Little Toronto bustles as if the pandemic never happened. GO trains shuffle in and out of Union Station. Cyclists pedal down city streets on paper-thin bikes. Cars the size of Hot Wheels drive themselves along magnetic strips hidden under the Don Valley Parkway. Every 15 minutes, day fades to night, and 30,000 LEDs illuminate the end of pen-sized streetlights and the windows of downtown skyscrapers. Across the city, fantastical vignettes reveal the whimsical sense of humour of Little Canada’s creators: EdgeWalkers hang off the side of the CN Tower, three little pigs stop traffic on the 401, an out-of-place penguin waits for a bus.

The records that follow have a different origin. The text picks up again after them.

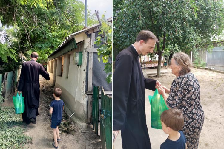 Milostenie la Ianca. Părintele Ciprian Gache a împărțit alimente bătrânilor nevoiași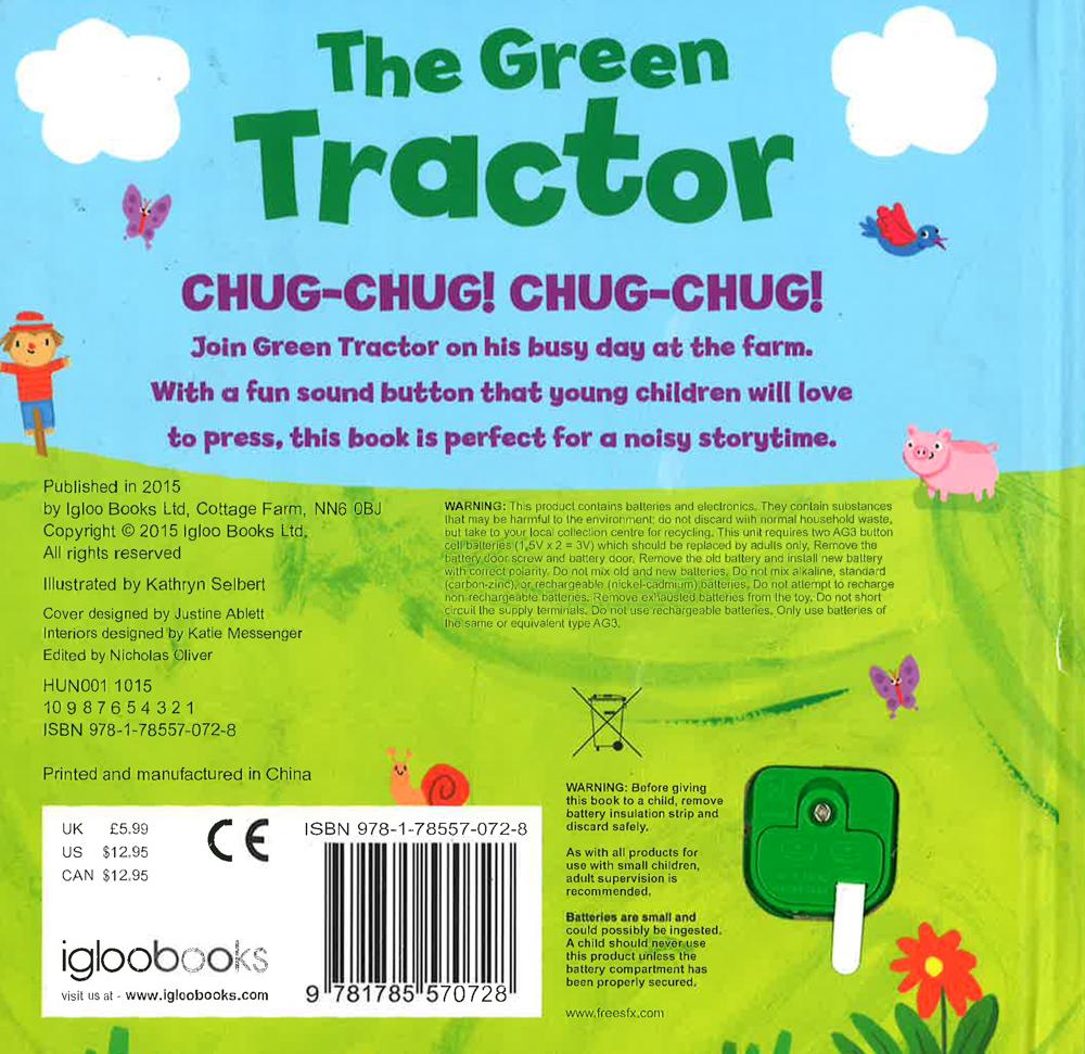 The green tractor, chug-chug! Chug-chug! Join Green Tractor on his busy day at the farm.With a fun sound button that young children will love to press, this book is perfect for a noisy storytime.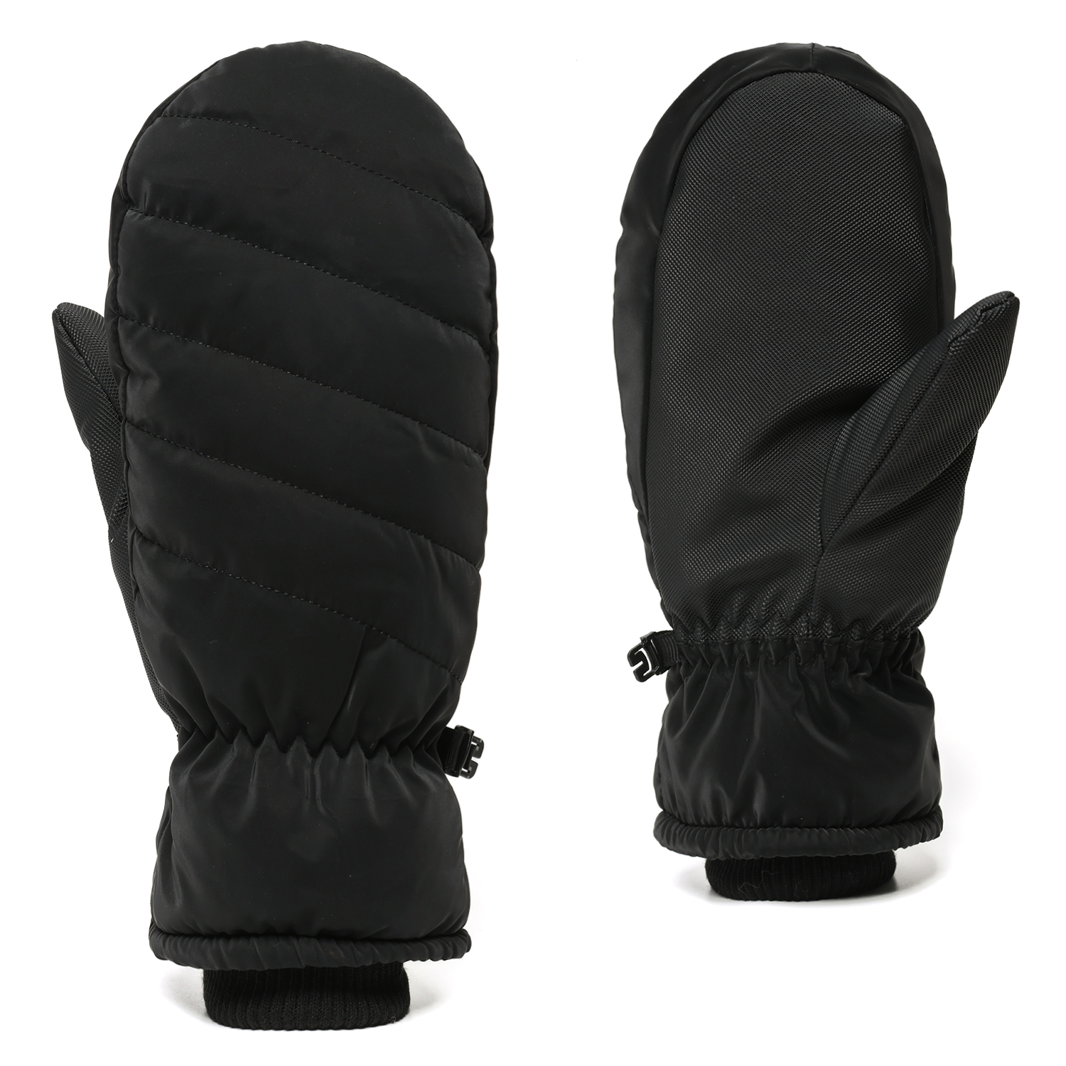 Верх черного цвета выполнен из синтетической ткани с ветро- и влагозащитными свойствами и дополнительно простеган для равномерного распределения утеплителя. Тыльная сторона выполнена из текстурированного прорезиненного материала, не пропускающего влагу. У материала также есть антискользящий эффект, например, для более комфортного использования лыжных палок.

Little Canada’s big-ticket structures will surely fill your Instagram feed for the rest of 2021, but the exhibit’s real marvel is the verisimilitude of seemingly inconsequential details. A single unkempt lawn contains thousands of fibres, each six millimetres tall and made using glue imbued with an electrical charge to ensure they stand up straight. Every tree in Little Canada is unique. Some are made from strands of wire, twisted into gnarly trunks, peeled to create the illusion of branches, then adorned with bunches of ground-up green foam. Others deeper in the display are simpler—a Brillo-esque polyfibre affixed to a wooden stick. “One of the challenges is knowing how far to take something,” says Kurt Jensen, a miniature maker who’s built bridges, houses and cliffs. “You can spend 40 hours on one square foot and then realize no one will be able to see it because it’s in the back corner behind three buildings. When you enjoy this work, the temptation is to go all out.”

Each member of the Little Canada team designed the interior of one suite at the Château Laurier in Little Ottawa

In those unseen nooks and crannies, Brenninkmeijer encouraged Little Canada’s three dozen miniature makers to leave their signatures—random injections of personality that mimic the spontaneity of real life. Jensen left his initials at the bottom of a cliff he designed, as if spray-painted by a teenage tagger. Even if people will never see a detail, it would be sacrilege to cut corners. “I’ve often wondered what it is about people who like building models. Is it control?” says Jensen. “Because what we’re really doing is building our own world, which has some interesting implications if you follow it down a rabbit hole.”

Brenninkmeijer, of course, is Little Canada’s de facto deity, but he seems utterly uninterested in taking his day of rest. Covid-willing, as crowds begin to file through his world this summer, he’ll be placing wee polar bears in the Arctic exhibition. Come back in a few years and you may find him inspecting the peaks of the Rockies or filling the seats of Olympic Stadium. He has plans to take his creation beyond Canada’s borders, crafting a Vimy Ridge and building a toy-sized International Space Station, complete with a guitar-strumming Chris Hadfield. Lucky for Brenninkmeijer—a man who loves the process more than the end product—there will always be something new to build. Even in miniature, Canada is a big place.